Task description :: Copy only what lies from the line containing "会議室はガラスパーテーション" through the line containing "- seperat gepolsterte" in the entries below, keeping both end lines exact and dropping every picture.

[Start of Attachment]

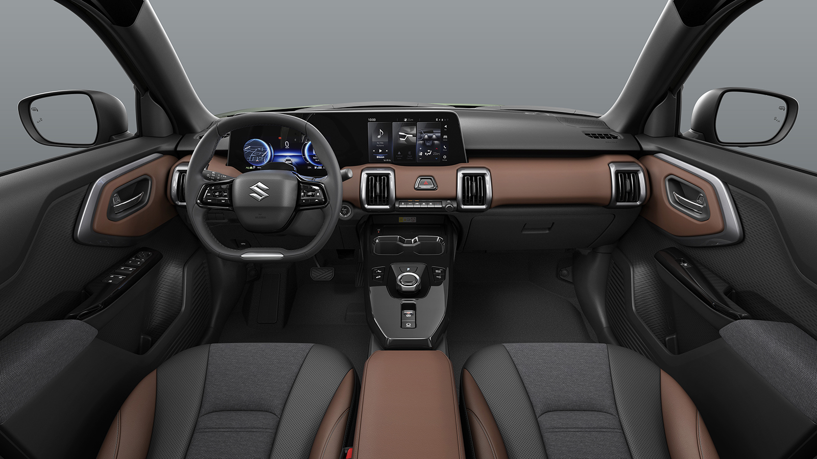 Por fuera, el eVitara mantiene ese aspecto aventurero de las versiones de combustión pero llevándolo a un punto más robusto gracias a las protecciones plásticas en los pasos de rueda, las llantas de 18” y la altura libre al suelo de 180 mm. Entre las opciones de personalización se incluye una paleta de colores compuesta por los Verde Tierra Perlado, Blanco Ártico o Azul Celestial, con otras opciones bicolor con el techo negro que realzan su presencia.
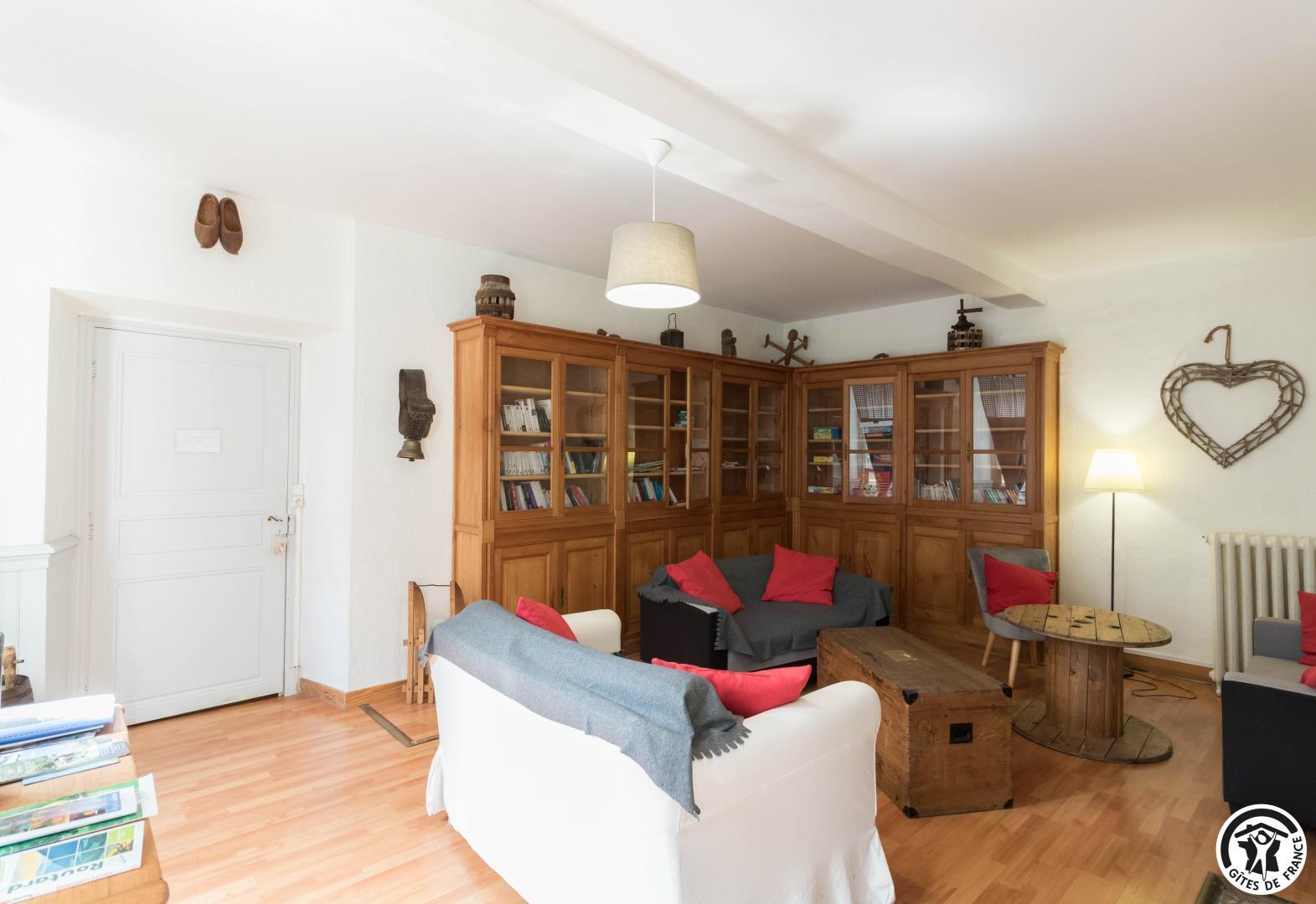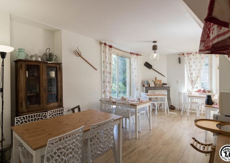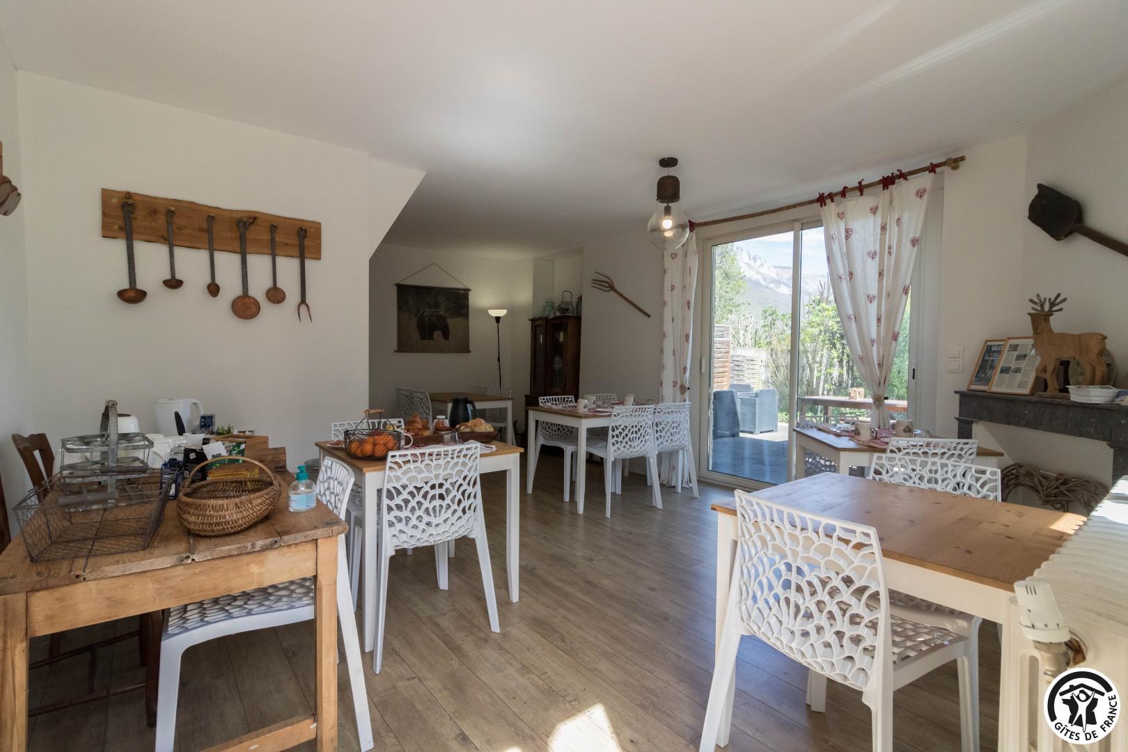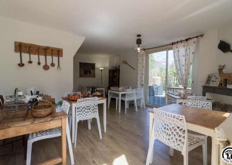 – au rez-de-chaussée : le hall d’entrée dessert d’une part la salle des petits-déjeuners qui ouvre sur la terrasse plein Sud, d’autre part un salon avec cheminée et télévision et un grand séjour où sont servis les repas en table d’hôtes. Un sauna intérieur est proposé pour le bien-être des hôtes.
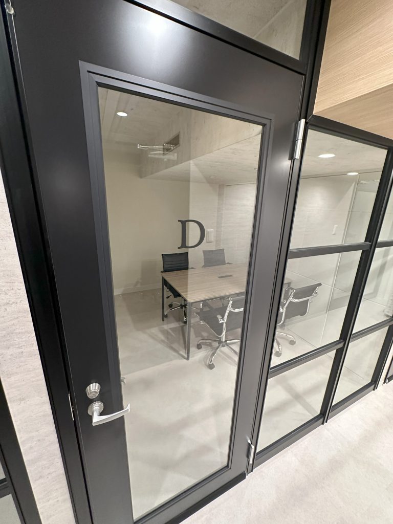 会議室はガラスパーテーションで仕切られており、視線の抜けによって圧迫感を軽減し、開放的な雰囲気を演出しています。ただし、ガラスは音が漏れやすい特性があるため、周囲には吸音パネルを設置し、音漏れや反響を最小限に抑える工夫を施しています。視覚的な開放感と音環境の快適さを両立させた設計となっています。
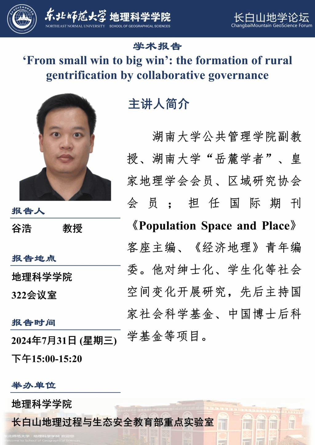 【长白山地学论坛(第六期)】 谷浩:‘From small win to big win’:the formation of rural gentrification by collaborative governance
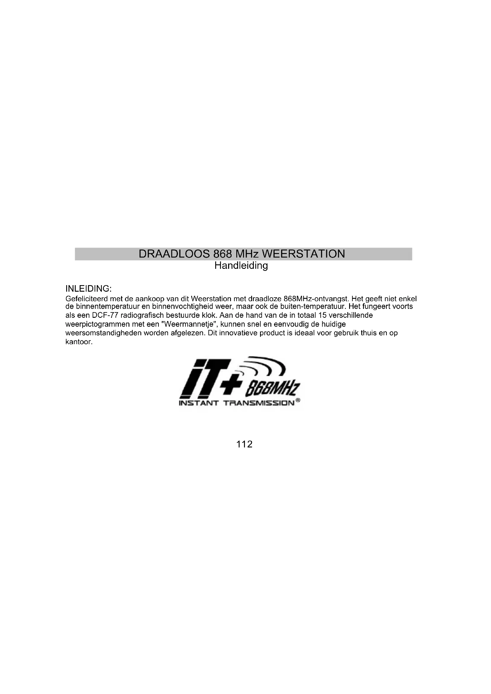 Handleiding INLEIDING: Gefeliciteerd met de aankoop van dit Weerstation met draadloze 868MHz-ontvangst. Het geeft niet enkel de binnentemperatuur en binnenvochtigheid weer, maar ook de buiten-temperatuur. Het fungeert voorts als een DCF-77 radiografisch bestuurde klok. Aan de hand van de in totaal 15 verschillende weerpictogrammen met een "Weermannetje", kunnen snel en eenvoudig de huidige weersomstandigheden worden afgelezen. Dit innovatieve product is ideaal voor gebruik thuis en op kantoor.113 LCD- scherm EIGENSCHAPPEN: Het Weerstation Standaard Deksel batterijvak Ophanggaatje Functietoetsen114 EIGENSCHAPPEN:
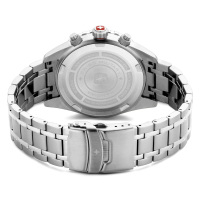 Функции: Центральные часовая и минутная стрелки. Индикация даты. Тахиметр. Хронограф.
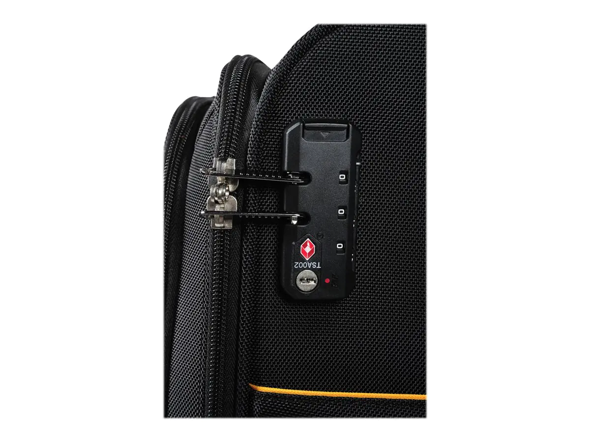 - seperat gepolsterte Taschen für Laptop und Notebook, integriertes TSA-Hängeschloss, zwei integrierte USB-Anschlüsse, ein integrierter Mikro-USB-Anschluss, Kabel, Kreuzbandgurt, herausnehmbares Kulturtäschchen
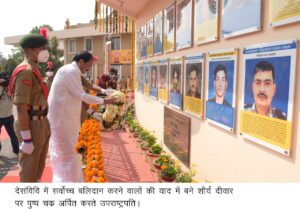 देश के माननीय उपराष्ट्रपति एम वेंकैया नायडू ने देव संस्कृति विश्वविद्यालय परिसर में दक्षिण एशियाई शांति एवं सुलह संस्थान (दएशांसुसं) का शुभारंभ किया। साथ ही उन्होंने विवि में स्थापित एशिया के प्रथम बाल्टिक सेंटर का निरीक्षण किया तथा देश के लिए अपना सर्वोच्च बलिदान देने वाले वीर शहीदों के याद में बने शौर्य दीवार पर पुष्पांजलि अर्पित की। इससे पूर्व उपराष्ट्रपति एवं माननीय राज्यपाल ले.ज. (सेनि) गुरमीत सिंह का विवि पहुंचने पर कुलपति शरद पारधी, प्रतिकुलपति डॉ चिन्मय पण्ड्या ने पुष्प गुच्छ भेंटकर भव्य स्वागत किया।
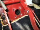 While I've got the drill out, I use a sharp thingy (I don't know what it is, it's sharp and it's got a handle - oh yes, a bradawl, that's it!) pushed up through the floor, to show me where I have to make holes in the carpet - 4 each side for the seat bolts, and 2 each side for a pair of push fasteners that seem to hold the front edge of the rear section down. Then I drill through the carpet, making sure I don't enlarge the holes in the body tub. The two front ones (for the clips) are right above the outrigger crossmembers, so I also have to be carful not to drill holes in the top of those!
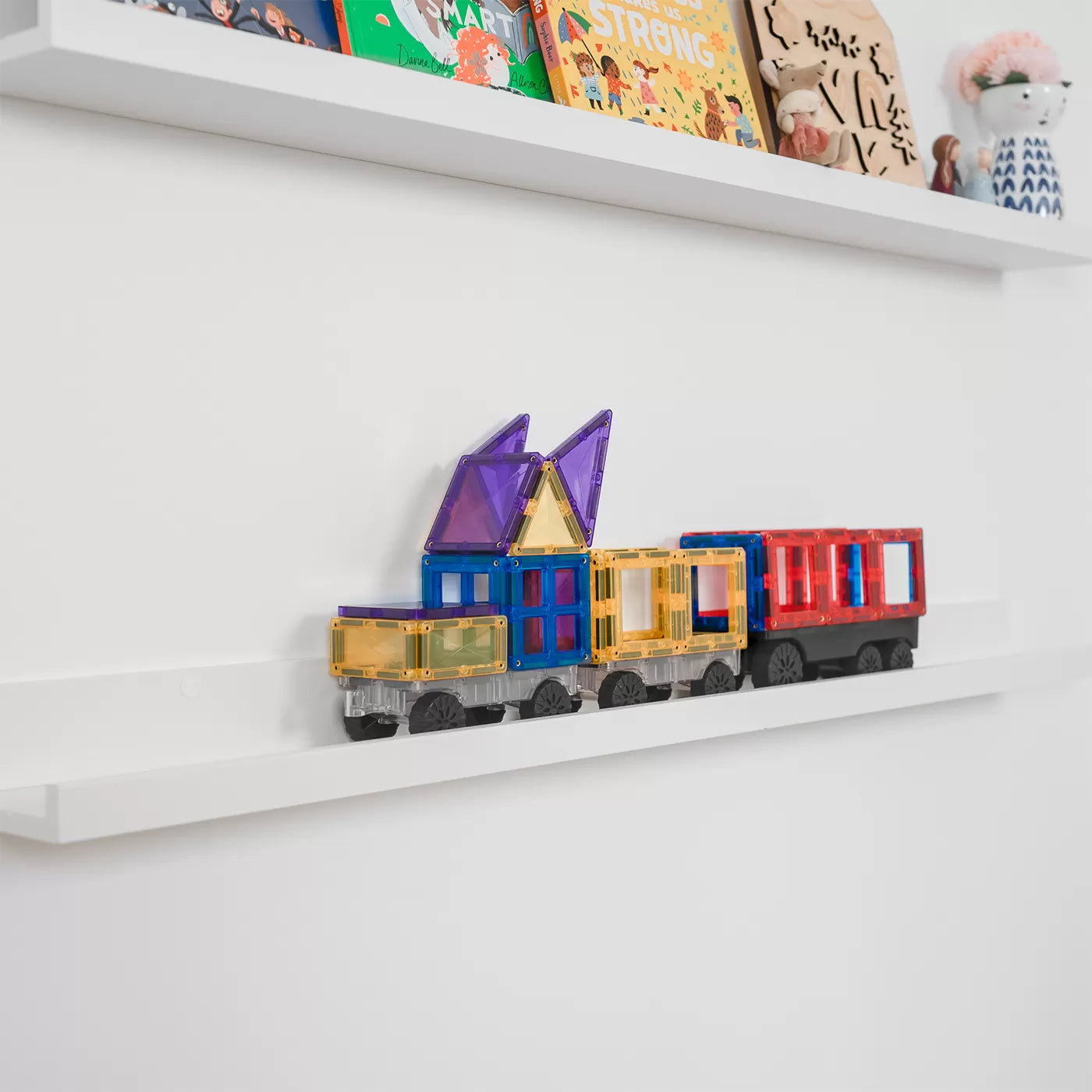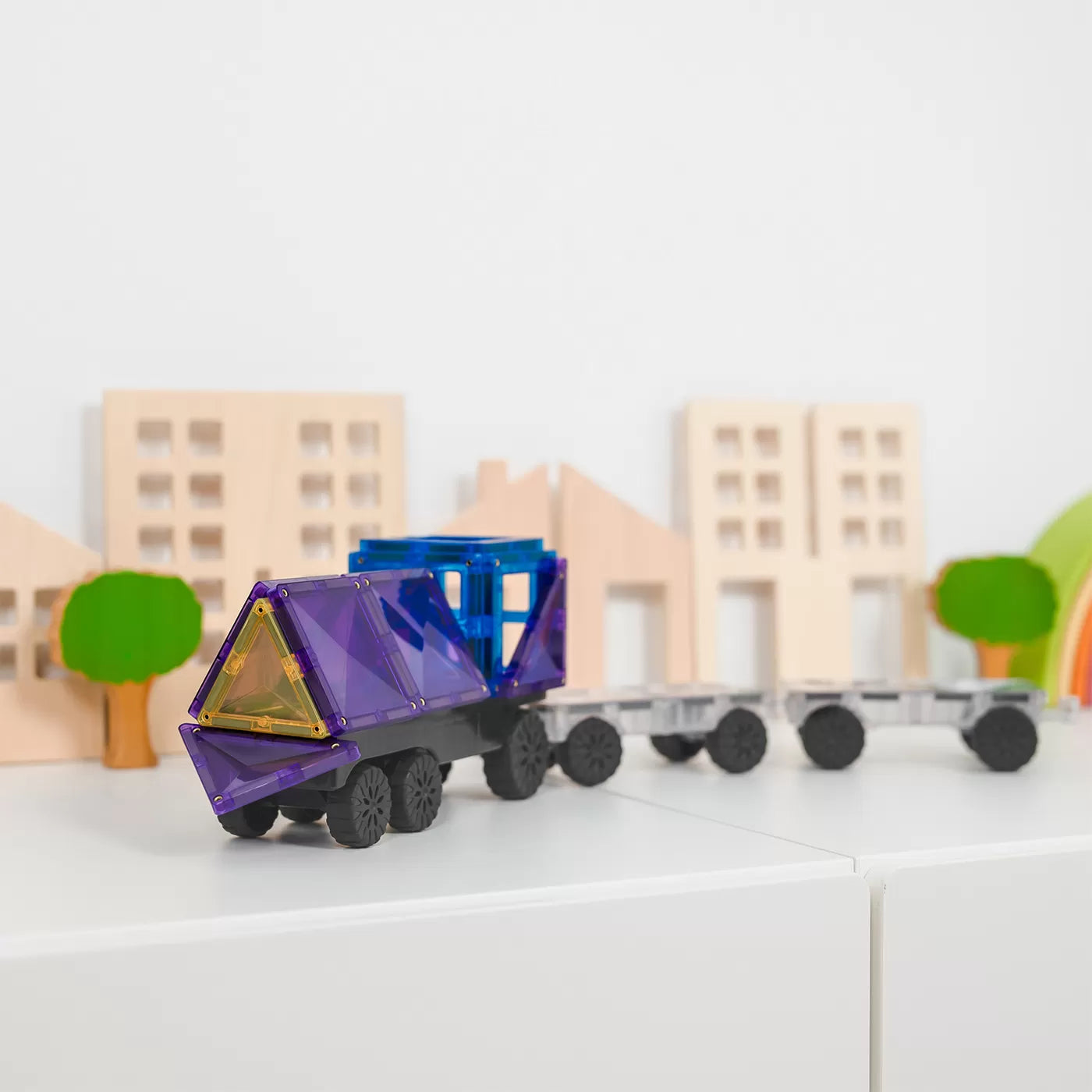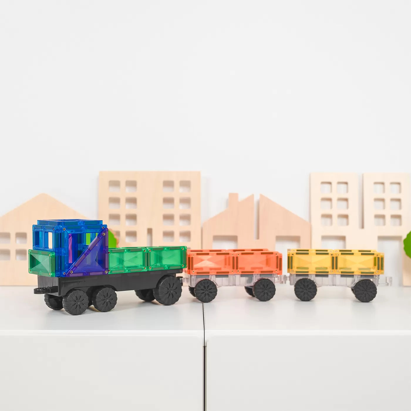 Çocuklar, kendi kamyonlarını, trenlerini, uçaklarını, ambulanslarını, itfaiye araçlarını yaratırken mıknatıslar, şekiller ve renkler yoluyla STEAM öğrenimini keşfeder.
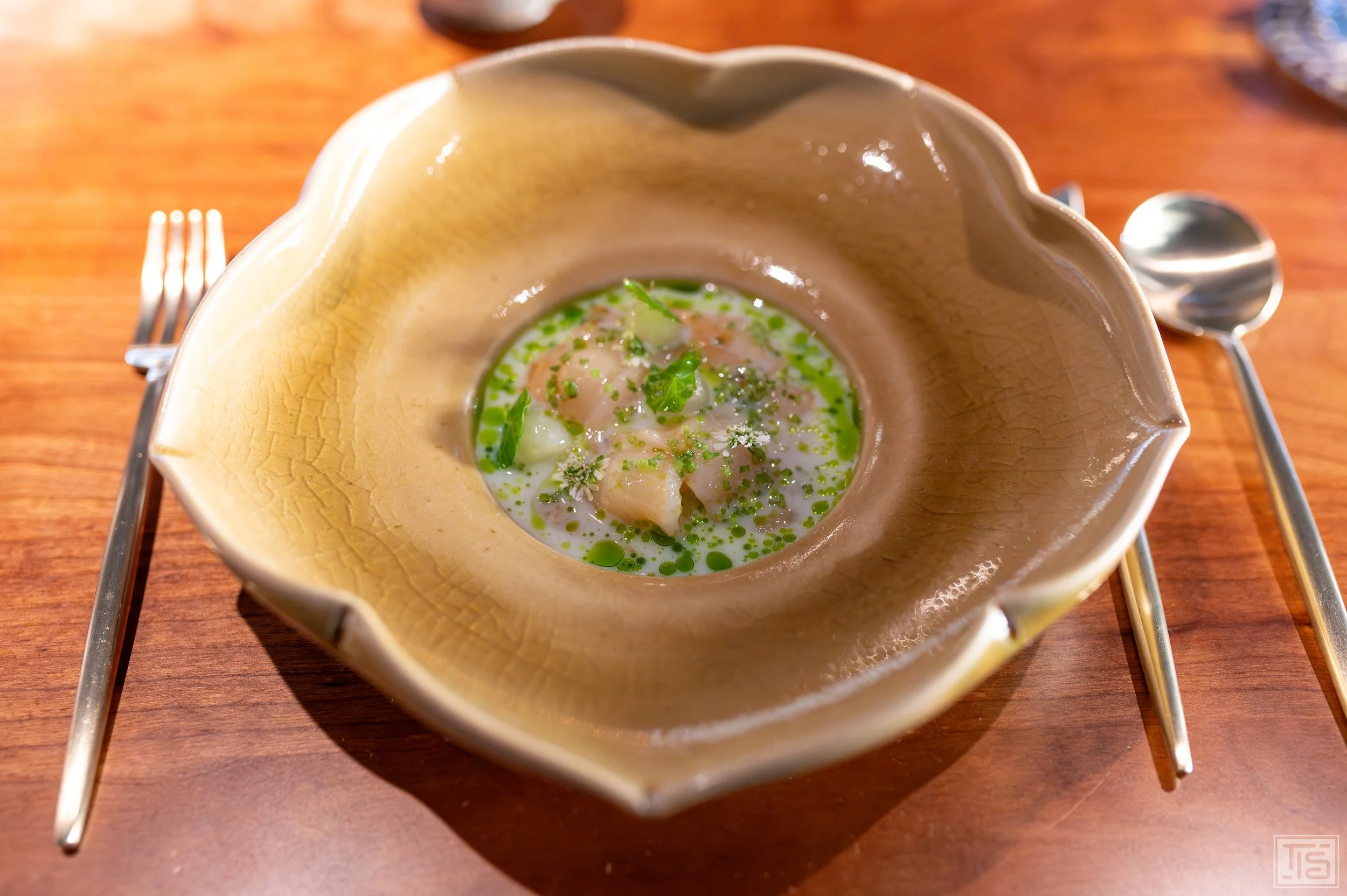 Mit Kaisergranat, Nishiki Reis, Yuzu und Galgant folgt ein weiteres Signature-Gericht des Hauses. Man mag es kaum glauben, aber als diese Kreation seinerzeit das erste Mal in den einschlägigen Blogs die Runde machte, wurde das als neues Kapitel im Fine Dining gesehen. Man tauchte tief in die Metaebene ab und stellte Fragen wie: Darf man einen edlen Kaisergranat frittieren? Darf man ihn ohne Besteck servieren, um ihn von Hand durch die Sauce zu ziehen? Ein Gericht in einem (damals) Zwei-Sterne-Restaurant, das aus lediglich drei Komponenten besteht? Erscheint aus heutiger Sicht geradezu lächerlich, war aber vor über 10 Jahren noch ein grosses Thema. Wie dem auch sei: ich kenne diesen Klassiker nur zu gut und muss leider festhalten, dass er etwas von seinem Glanz verloren hat. Das liegt vornehmlich an handwerklichen Unzulänglichkeiten. Bereits als ich die Langoustine hochhebe, spüre ich das Fett an meinen Fingern. Nicht ein erwartbar dünner Film, sondern Tropfen. Als ich reinbeisse, läuft mir das Fett übers Kinn. Frühere Iterationen kamen, bis auf einen sanften Fettfilm auf den Fingern (dafür ist die Fingerschale da) saftig aber Aussen fast trocken daher. Durch das (zu) viele Fett verändert sich auch der Geschmack und rückt die maritime Süsse vom ansonsten makellosen Kaisergranat ein wenig in den Hintergrund. Selbst die hervorragende Sauce zum Tunken aus aufgeschlagener Beurre Noisette, Galangal und Yuzu hilft da nur bedingt. Gleichzeitig zeigt diese technische Unsauberkeit auch die Achillesferse solch japanisch reduzierter Kreationen. Wenn auch nur eine Komponente nicht perfekt ausgeführt ist, beeinträchtigt das den Genuss in einem Masse, der fast unausweichlich in einer leisen Enttäuschung mündet.

[End of Attachment]

Exercise answer ::
 会議室はガラスパーテーションで仕切られており、視線の抜けによって圧迫感を軽減し、開放的な雰囲気を演出しています。ただし、ガラスは音が漏れやすい特性があるため、周囲には吸音パネルを設置し、音漏れや反響を最小限に抑える工夫を施しています。視覚的な開放感と音環境の快適さを両立させた設計となっています。
 【长白山地学论坛(第六期)】 谷浩:‘From small win to big win’:the formation of rural gentrification by collaborative governance
 Handleiding INLEIDING: Gefeliciteerd met de aankoop van dit Weerstation met draadloze 868MHz-ontvangst. Het geeft niet enkel de binnentemperatuur en binnenvochtigheid weer, maar ook de buiten-temperatuur. Het fungeert voorts als een DCF-77 radiografisch bestuurde klok. Aan de hand van de in totaal 15 verschillende weerpictogrammen met een "Weermannetje", kunnen snel en eenvoudig de huidige weersomstandigheden worden afgelezen. Dit innovatieve product is ideaal voor gebruik thuis en op kantoor.113 LCD- scherm EIGENSCHAPPEN: Het Weerstation Standaard Deksel batterijvak Ophanggaatje Functietoetsen114 EIGENSCHAPPEN:
 Функции: Центральные часовая и минутная стрелки. Индикация даты. Тахиметр. Хронограф.
 - seperat gepolsterte Taschen für Laptop und Notebook, integriertes TSA-Hängeschloss, zwei integrierte USB-Anschlüsse, ein integrierter Mikro-USB-Anschluss, Kabel, Kreuzbandgurt, herausnehmbares Kulturtäschchen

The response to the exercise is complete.